$800,000 HIPAA settlement in alleged medical record dumping matter


Parkview Health System, Inc. (PHS) in Indiana has agreed to adopt a corrective action plan (CAP) to address deficiencies in its compliance program and to pay $800,000 to the Department of Health and Human Services (HHS) Office for Civil Rights (OCR) in settlement of alleged violations of the Health Insurance Portability and Protection Act of 1996 (HIPAA). The alleged breach occurred when medical records of more than 5,000 patients that were in PHS’s custody were left unsecured.

As reported by OCR: “In September 2008, Parkview took custody of medical records pertaining to approximately 5,000 to 8,000 patients while assisting the retiring physician to transition her patients to new providers, and while considering the possibility of purchasing some of the physician’s practice. On June 4, 2009, Parkview employees, with notice that the physician was not at home, left 71 cardboard boxes of these medical records unattended and accessible to unauthorized persons on the driveway of the physician’s home, within 20 feet of the public road and a short distance away from a heavily trafficked public shopping venue.”

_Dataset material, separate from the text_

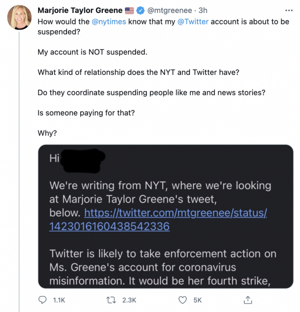 “How would the @nytimes know that my @Twitter account is about to be suspended?” Greene tweeted. “My account is NOT suspended. What kind of relationship does the NYT and Twitter have? Do they coordinate suspending people like me and news stories? Is someone paying for that? Why?”
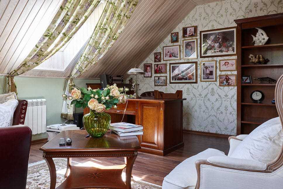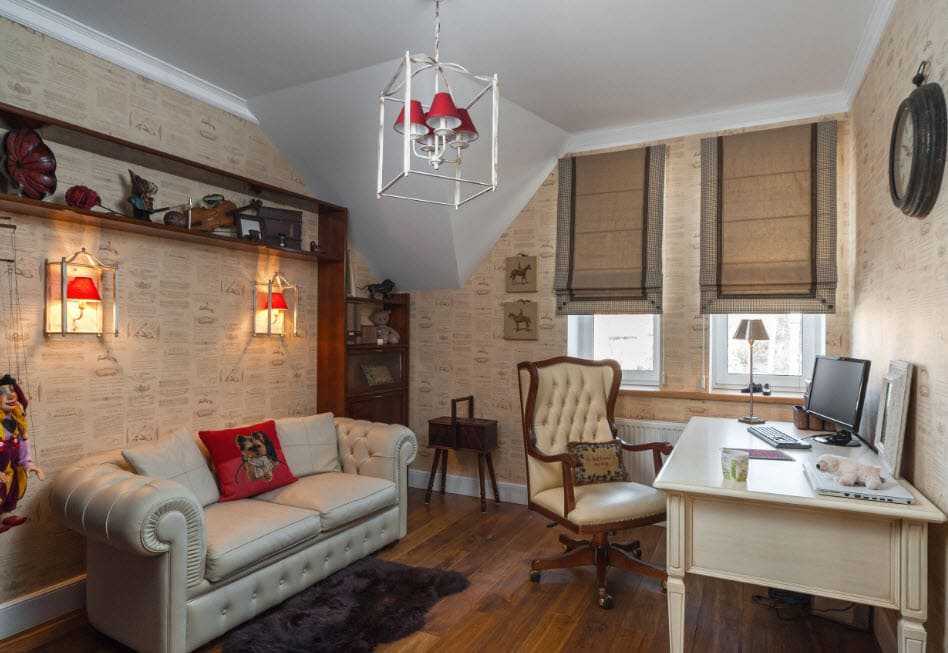 Элегантный домашний кабинет в английском стиле. Обои с цветочным принтом не создают тяжести в интерьере

OCR states, in the HHS press release, that “as a covered entity under the HIPAA Privacy Rule, Parkview must appropriately and reasonably safeguard all protected health information in its possession, from the time it is acquired through its disposition.” In addition, Christina Heide, acting deputy director of health information privacy at OCR, warns that “it is imperative that HIPAA covered entities and their business associates protect patient information during its transfer and disposal.”

While the resolution agreement notes that the agreement is neither an admission of liability by PHS nor a concession by HHS that PHS did not violate HIPAA rules, the agreement outlines PHS’s CAP to address the deficiencies identified by OCR as part of its CAP, PHS has agreed to do the following:

  • Create policies and procedures regarding provision for administrative, physical and technical safeguards to protect the privacy of non-electronic protected health information (PHI) that is approved by HHS;
  • Distribute the HHS approved policies and procedures to the PHS workforce and update existing PHS policies and procedures accordingly;
  • Provide general safeguards training to all PHS workforce members who have access to PHI;
  • Provide written or electronic evidence of training materials for HHS’ review; and
  • Submit a final report to HHS regarding PHS’s compliance with this CAP.

Hospitals are often asked to accept medical records of retiring physicians or medical records from practices that are closing. It is imperative for hospitals to understand that the HIPAA privacy and security rules apply to such records in the hospital’s possession and the hospital needs to treat such records in the same confidential manner as its own records.